In particular, MAAR's ability to get to the rim and finish is something I'd suspect opposing teams would have to account for. Defenses may be inclined to play a little more compact when he's on the floor, opening up additional space on the perimeter. To some extent, that may offset a low FG% from Rahkman if it helps create better looks for our more proficient shooters.


October 26th, 2015 at 12:52 PM ^

You are right that MAAR was good at getting to the rim, but he needs to be able to pass and/or shoot for Beilein to hand him the ball.  Michigan doesn't run an iso offense and MAAR isn't Manny Harris, let alone Allen Iverson. When you have more turnovers than assists, it's hard to argue you are creating good looks for teammates.

Moreover, last year is behind us. Michigan has Caris and Derrick back, Simpson and Poole are top 100 recruits on the way, and other guys are going to get better too (namely Irvin and Dawkins). MAAR can improve too, but he has a long way to go to be given the ball instead of the other options on the roster going forward. Beilein's not going to hand the keys of the offense to a guy who can't shoot or distribute.

In other words, every possession you hand MAAR the ball and say "go to work" is a possession where higher efficiency/talent players don't get the ball. It's one thing if we're choosing between Robinson, Chatman, and MAAR, another if we're talking about All-american/NBA-caliber players Michigan will have in its guard rotation. 


October 26th, 2015 at 11:54 PM ^

Yeah, I agree that he's got a lot to improve on in order to be a more high-usage player, especially with Walton, LeVert and Albrecht healthy.

This was one quote that stood out to me, though, from the MLive article on MAAR (link at top of today's UV):

Offensively, Abdur-Rahkman said he hopes to improve his court vision — things like being able to identify a player rolling to the basket and an open teammate in the corner at the same time — while also increasing his comfort on the floor.

Hopefully MAAR's work in this regard does in fact lead to a significantly better A/TO margin. Given what he brings with his current skillset, just cutting back on the turnovers could be the biggest difference maker in how many minutes he gets on the reg.

And while Rahkman's probably not gonna be dishing out 5+ assists every night (at least not this year), it'd be tremendous if he shows a knack for really being able to kick the ball out nicely off his drives. Could very well get us a couple extra 3's per game off open looks in the corner for Dawkins, Irvin, etc.
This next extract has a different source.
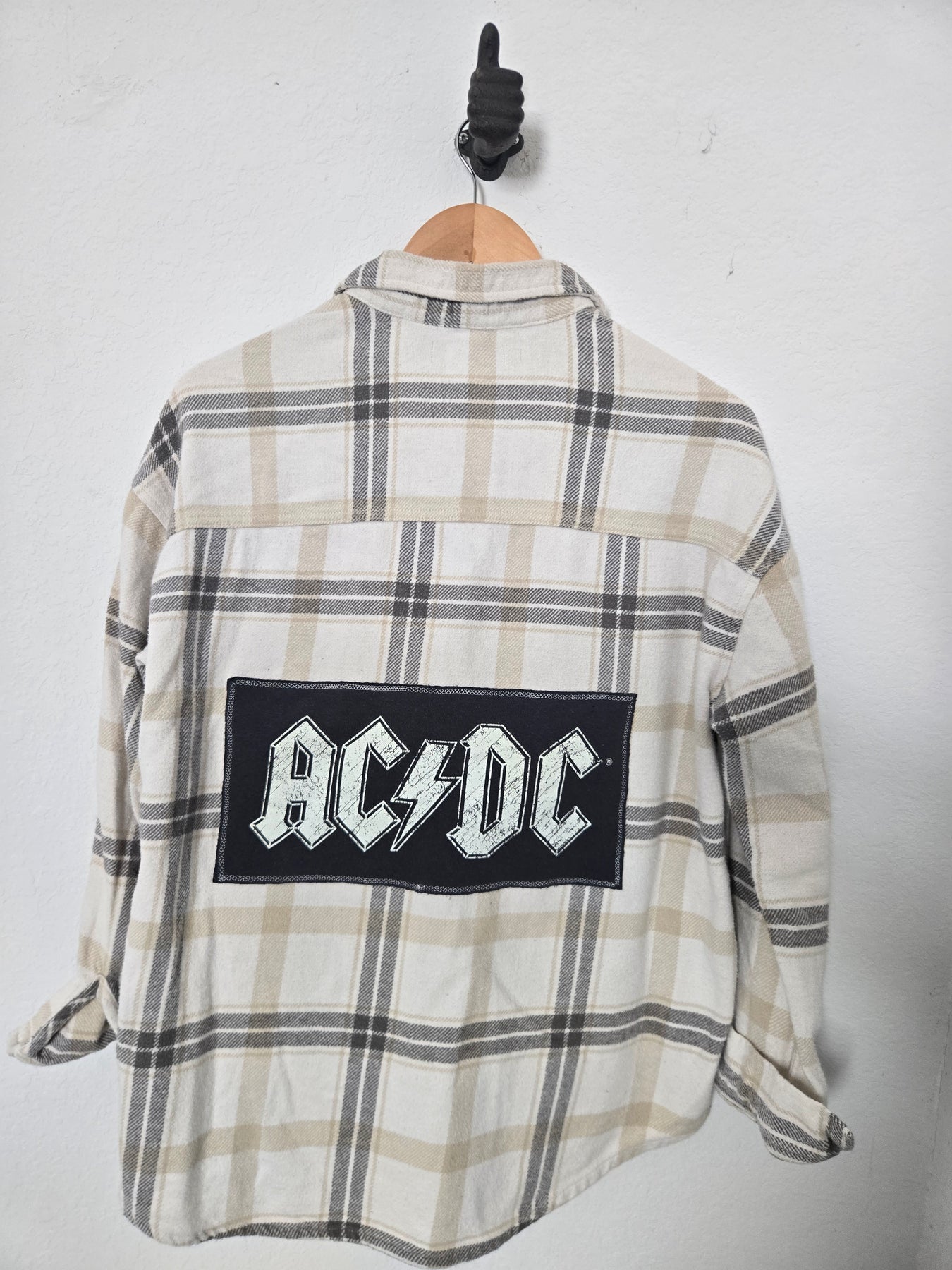 Upcycled, hand-sewn, Flannel featuring AC/DC.

October 24th, 2015 at 9:35 AM ^

Sounds like he is another great fit + semi-hidden gem that JB and his staff got and are eager to get their hands on.  (definitely not in the Rutgers Coach kind of way)

Julius 1977

October 24th, 2015 at 10:10 AM ^

Sister of the Egyptian god Isis.  Born much later and became an Internet God.  If you bold and add paragraphing you pay homage to this god.  If you use a spell checker you offend.

Low Key Recidivist

October 25th, 2015 at 10:25 AM ^

A better fit at SG for JB's offense.  Not a great athlete (though no slouch), but very smooth with solid fundamentals and very little wasted motion.  And he'll gain some explosiveness once he gets into the UM S&C program.

Poole, Watson and Simpson are a very solid future backcourt.


October 26th, 2015 at 8:42 AM ^

I DO feel the need for a cold shower.



I also feel relieved that no one has yet opined that Jordan is a better shooter than Glen Rice. Nik got saddled with that burden, & to open up that topic again: it simply wasn't true! I mean, there is absolutely no doubt that Nik (and Jordan) are great shooters, but - c'mon!